Once you reach the line containing "and outdoor use." in the entries below, write out that line and each one after it down to the line containing "18K Gold & Sterling", exactly and with nothing added.

Task input
- - - -

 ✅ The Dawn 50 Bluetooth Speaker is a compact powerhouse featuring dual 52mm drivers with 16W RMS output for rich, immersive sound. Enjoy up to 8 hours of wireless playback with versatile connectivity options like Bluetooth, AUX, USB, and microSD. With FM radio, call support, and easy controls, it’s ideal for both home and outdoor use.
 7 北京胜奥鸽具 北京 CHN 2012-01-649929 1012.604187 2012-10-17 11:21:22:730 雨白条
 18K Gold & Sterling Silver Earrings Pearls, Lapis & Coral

- - - -

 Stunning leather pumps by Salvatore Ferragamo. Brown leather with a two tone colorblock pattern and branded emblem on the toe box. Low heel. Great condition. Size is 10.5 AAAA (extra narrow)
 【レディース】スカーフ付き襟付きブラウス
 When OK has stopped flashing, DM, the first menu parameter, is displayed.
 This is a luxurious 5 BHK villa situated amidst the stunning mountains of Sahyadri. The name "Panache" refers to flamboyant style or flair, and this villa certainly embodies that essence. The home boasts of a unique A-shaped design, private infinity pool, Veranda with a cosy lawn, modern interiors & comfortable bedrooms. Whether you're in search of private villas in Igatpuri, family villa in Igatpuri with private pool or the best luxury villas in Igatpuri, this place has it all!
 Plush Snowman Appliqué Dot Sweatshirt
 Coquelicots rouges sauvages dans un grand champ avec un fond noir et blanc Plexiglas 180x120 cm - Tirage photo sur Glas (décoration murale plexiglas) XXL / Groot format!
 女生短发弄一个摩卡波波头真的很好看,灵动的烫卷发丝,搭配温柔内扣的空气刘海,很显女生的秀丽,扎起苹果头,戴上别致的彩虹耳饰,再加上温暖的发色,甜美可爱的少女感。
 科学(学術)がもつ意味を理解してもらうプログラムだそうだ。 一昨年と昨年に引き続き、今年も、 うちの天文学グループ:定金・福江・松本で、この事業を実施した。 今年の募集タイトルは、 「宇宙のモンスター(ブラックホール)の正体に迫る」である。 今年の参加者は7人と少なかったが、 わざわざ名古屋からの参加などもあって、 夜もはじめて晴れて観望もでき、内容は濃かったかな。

- - - -

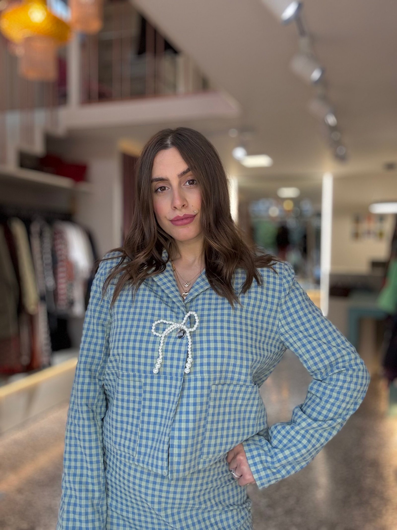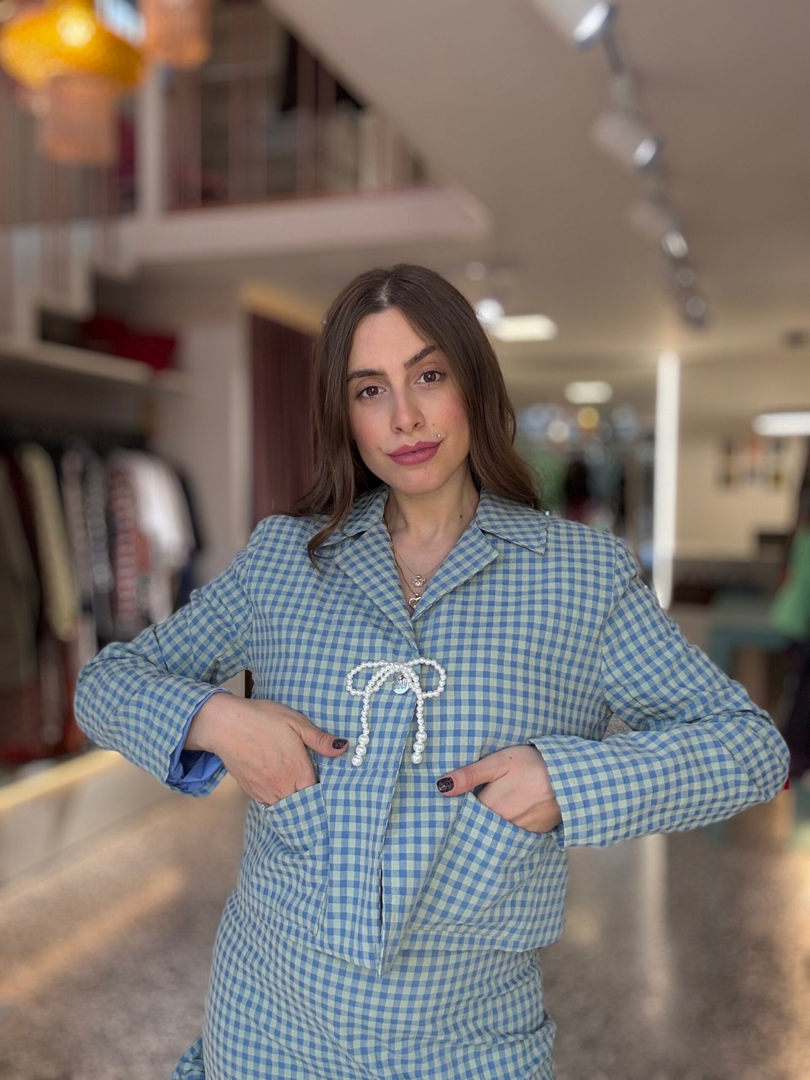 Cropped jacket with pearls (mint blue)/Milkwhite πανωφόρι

- - - -

Completed exercise
 ✅ The Dawn 50 Bluetooth Speaker is a compact powerhouse featuring dual 52mm drivers with 16W RMS output for rich, immersive sound. Enjoy up to 8 hours of wireless playback with versatile connectivity options like Bluetooth, AUX, USB, and microSD. With FM radio, call support, and easy controls, it’s ideal for both home and outdoor use.
 7 北京胜奥鸽具 北京 CHN 2012-01-649929 1012.604187 2012-10-17 11:21:22:730 雨白条
 18K Gold & Sterling Silver Earrings Pearls, Lapis & Coral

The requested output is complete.